Sam Hooke

mypy and verbose logging


If you want to add a custom logging level to Python (e.g. verbose), and you want it to play nicely with mypy (e.g. to not report error: "Logger" has no attribute "verbose" every time you call logger.verbose()), there doesn’t seem to be a better way than appending # type: ignore to every call to logger.verbose():

logger = logging.getLogger(__name__)
logger.verbose("this is logged at verbose level")  # type: ignore

I’d love to find a better way to do this, so please reach out if you know a solution. I’ve done quite a lot of digging into this, but I’m new to mypy, so perhaps I’ve missed something. Regardless, read on for the story on how I came to this conclusion, and what the worse alternative solution is.

Python’s standard library logging module comes with five log levels:

  • INFO

Each has a corresponding log method of the same name, but in lowercase, which is used to write to the log file at that log level. For example:

logger = logging.getLogger(__name__)
logger.debug("This is a DEBUG level message")
logger.critical("This is a CRITICAL level message")

It is fairly typical behaviour to add your own custom log level. For example, a VERBOSE or TRACE level log, which may sit one level lower than DEBUG. Althrough there are many answers on how to do this, they fall into a few categories.

The monkeypatch method §

The monkeypatch method involves adding a verbose method to the existing default logger class:

def verbose(self: Any, msg: str, *args: Any, **kwargs: Any) -> None:
    """Function which is monkeypatched into the logging module to add support
    for the "VERBOSE" log level.
    if self.isEnabledFor(VERBOSE):
        self._log(VERBOSE, msg, args, **kwargs)

def init_verbose_logging() -> None:
    """Monkeypatches the logging module to add a `verbose` log method and a
    "VERBOSE" log level.

    # Add custom log level
    logging.addLevelName(VERBOSE, "VERBOSE")
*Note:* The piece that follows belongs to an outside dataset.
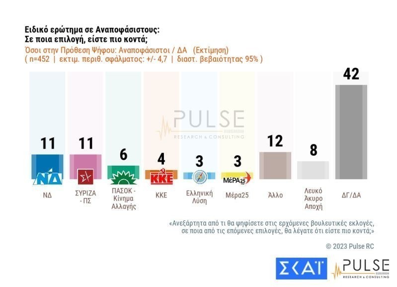 Όπως προκύπτει από την μέτρηση, οι αναποφάσιστοι δηλώνουν ότι είναι πιο κοντά σε ΝΔ και ΣΥΡΙΖΑ σε ποσοστό 11% για το κάθε κόμμα. Το 6% δηλώνει πιο κοντά στο ΠΑΣΟΚ, ενώ ένας στους δύο παραμένει στην «γκρίζα ζώνη».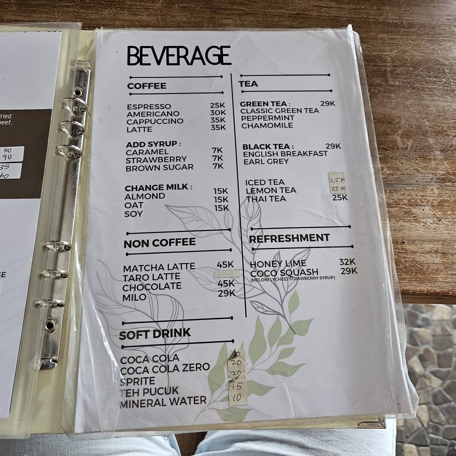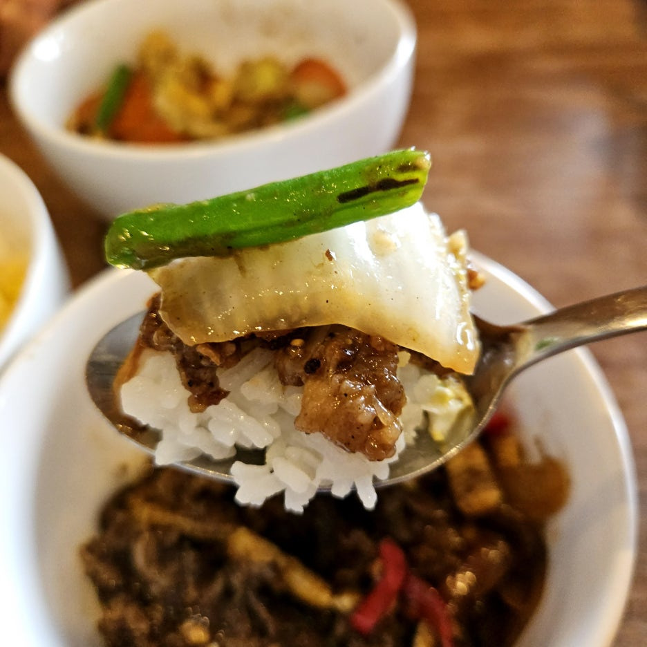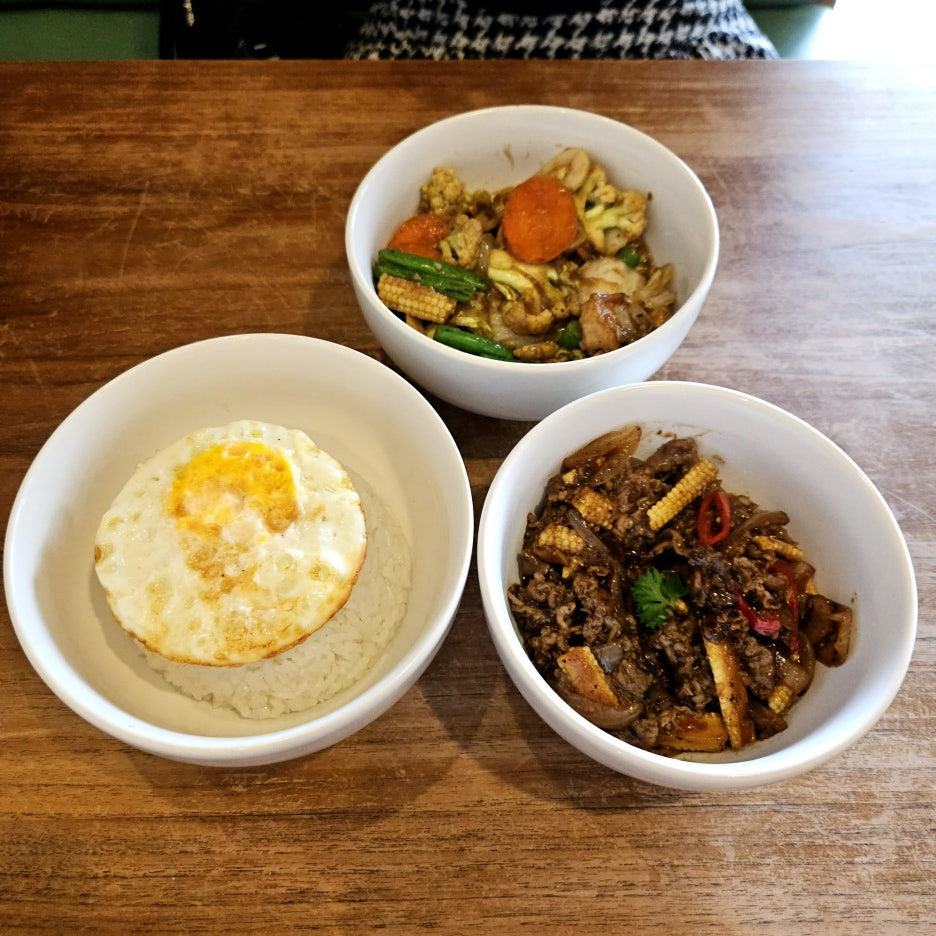 상차림도 아주 깔끔. 대부분의 동남아 식당과 동일하게 물은 따로 제공하지 않아, 음료 1개와 밥이 포함된 요리 메뉴 1개, 단품 요리 1개를 주문. 밥을 주문할 때는 달걀 프라이를 추가할 것인지 확인한다.

    # Monkeypatch logger to use our log level
    logging.Logger.verbose = verbose

The first problemw with this is the actual monkeypatching itself on the final line. This causes mypy to report error: "Type[Logger]" has no attribute "verbose" because we are trying to set an attribute outside of initialisation. Ideally, we would fix this by modifying the Logger class ourselves (such as when using a mixin with mypy). But unfortunately the Logger class exists in the Python standard library, which is outside of our reach.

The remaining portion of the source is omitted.